A difícil situação monetária e financeira, exacerbada pelos arautos do medo, fortaleceu, na formação e nos primeiros passos do governo Lula, a posição de Antonio Palocci e de Henrique Meireles, já decididos a defender a moeda por meio de altas taxas de juro. Muitos no entorno presidencial tinham presente à memória não somente a hiper-inflação dos anos 1980, mas também o papel decisivo do caos monetário na desestabilização do governo de Salvador Allende. Aceitaram postergar o prometido “espetáculo do crescimento” para “acalmarem os mercados”.

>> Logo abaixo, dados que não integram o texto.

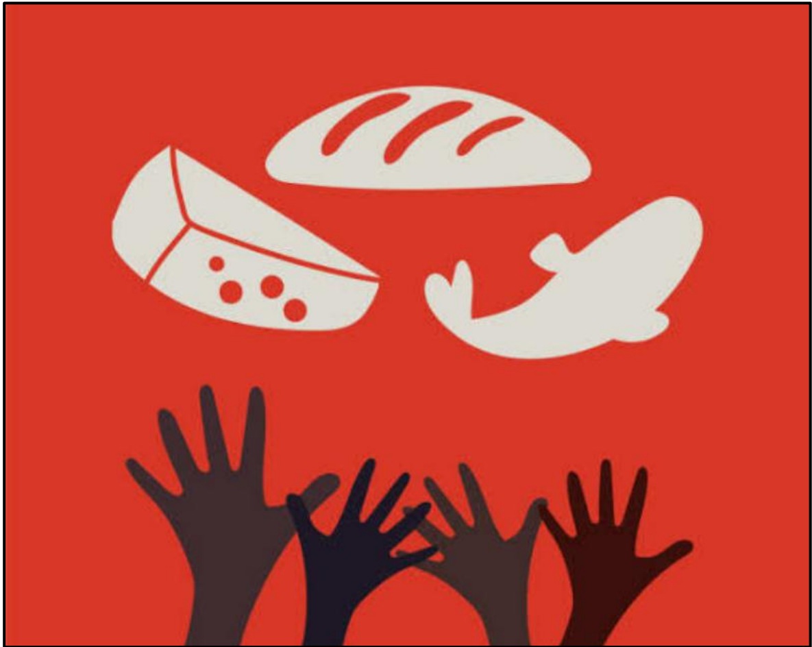
FIGURE C: Poster for Nutrition and Hunger , World Health Organisation, designer unknown, 2020.
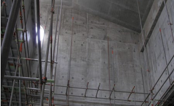
Concrete seawater FGD

Ceilcote® 242/242AR/242HT Ceiline utilizes an elastomeric epoxy basecoat to provide additional crack bridging up to a maximum crack width of 1.32 in (1mm).
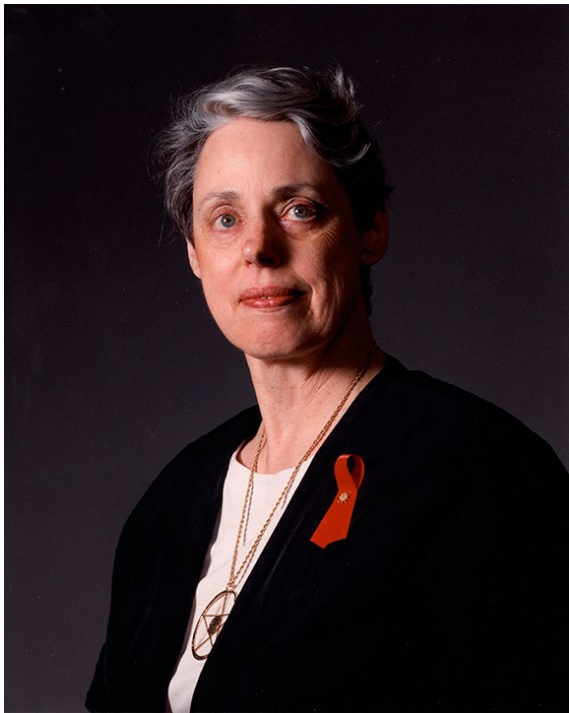
Official portrait, 2 nd Parliament of World's Religions, Chicago, 1993
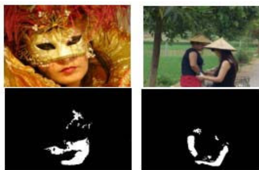
Fig 3. Skin detection for two images of the category "People".

We use images from the category "Society" composed of images with people. The algorithm uses 5 conditions applied on R,G,B (normalized) components [10].
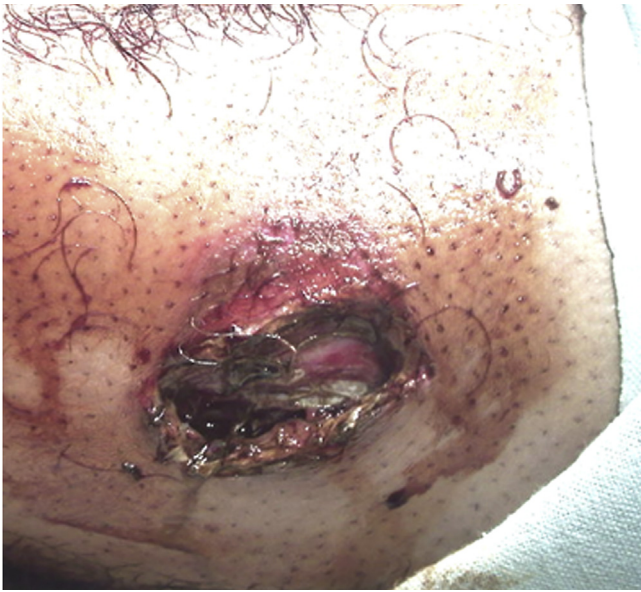
Fig. 3. Entry wound at the thigh.

The patellar fracture occurred in a patient who reported that the muzzle of the gun was kept on his knee before he was shot. Almost all other patients reported that they were shot from close range. A majority of the patients had been shot through the clothing that they were wearing.

Não obstante, o sucesso da política de redistribuição de renda foi grande o suficiente para garantir o favoritismo de Lula na campanha presidencial de 2006. Tanto assim que o pretendente tucano à presidência, G. Alckmin, ou foneticamente, Alquimim, só encontrou a brecha do “mensalão” para encaminhar sua campanha. Já em seu primeiro discurso de candidato, reproduzido pela Folha com a costumeira complacência mediática em relação aos candidatos do dinheiro e dos interesses estabelecidos, ele tentou usar a “ética” para espremer dividendos eleitorais do alardeado escândalo: "Não tenho dúvida que temos a firmeza necessária para empunharmos a bandeira da ética, do banho de ética, da eficiência, fechando todas as torneiras, que nos permitirão avançar no projeto de desenvolvimento". Gostar de banho é bom, mas “fechando todas as torneiras” não dá nem para tomar banho de gato. Com certeza, se algum dia fizerem uma antologia das dez frases mais tolas ou ridículas da política nacional, esse brado eleitoral de Alquimim terá lugar garantido.

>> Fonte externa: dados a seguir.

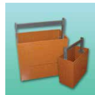
Sand Trap Basket
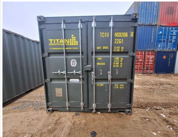
1. General view of unit 20'
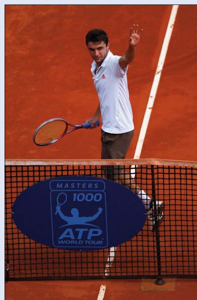
Gilles Simon (FRA)
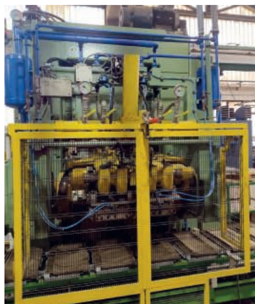
Fig. 5 Visible suction heads of the press supplied by Bongioanni Macchine

the machines to receive bigger mould-tools. Under this goal, Bongioanni carried out a modification on the bat loading line, supplying the following elements:
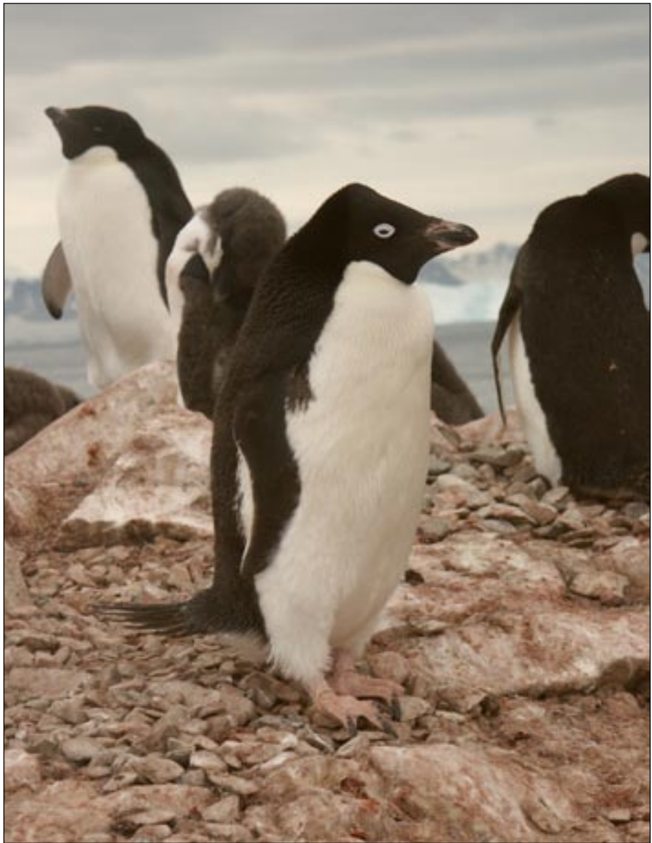
Adelie penguins in the Antarctic.
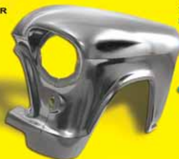
Part Number 1097U 1955-56 Chevy® Pickup Front Fender LH

Não tendo ninguém explicado ao prócer tucano que “ética” não se adquire no chuveiro, ele achou que podia sair por aí dando lição de moral sem se incomodar com o fato de que a própria filha “trabalhava” na Daslu, mega-shopping dos ricos e famosos, especializado em vender aos deslumbrados cheios da grana, “griffes” caríssimas a preços do mais descarado contrabando. Não é possível supor que o papai governador e a filha dasluzette fossem ingênuos a ponto de sequer desconfiar dos crimes escandalosos contra o Tesouro Público que se cometiam diuturnamente naquele estabelecimento freqüentado pela fina flor dos banqueiros, bicheiros, congêneres e consortes. Felizmente para o Brasil, Alquimim foi derrotado e a Daslu virou caso de polícia.

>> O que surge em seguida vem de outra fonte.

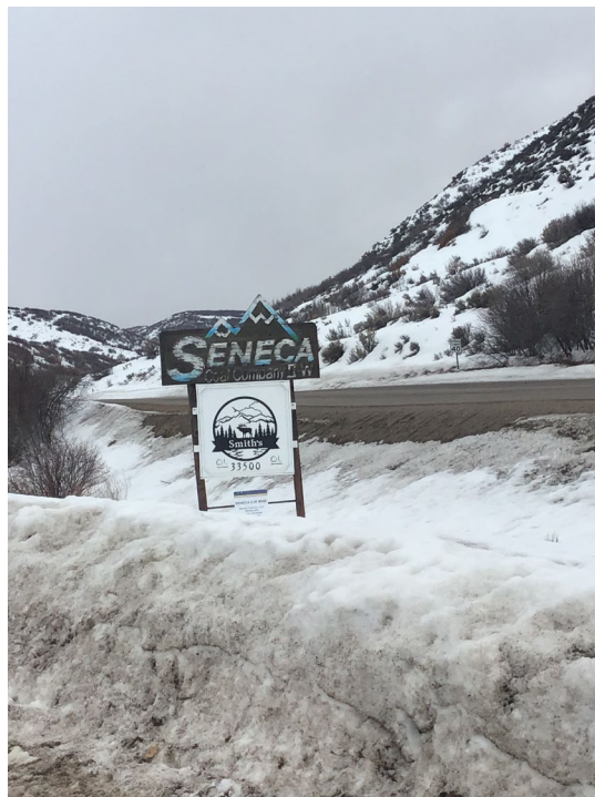
Photo 1: Mine identification sign at the main site entrance off the County Road.

Na campanha presidencial de 2010, Serra não seria tolo para agitar de novo a máscara do medo. Sobrava-lhe, como arma ofensiva, o enferrujado moralismo udenista. Na falta de melhor argumento eleitoral, resolveu empunhá-la, no discurso de lançamento oficial de sua candidatura em Salvador, no dia 12 de junho, vociferando contra os “neocorruptos” e advertindo que o Congresso não pode ser “uma arena de mensalões, compra de votos e de silêncio”. Estaria se referindo aos métodos a que recorreu a tucanagem para reformar a Constituição em 1997 e reeleger FHC?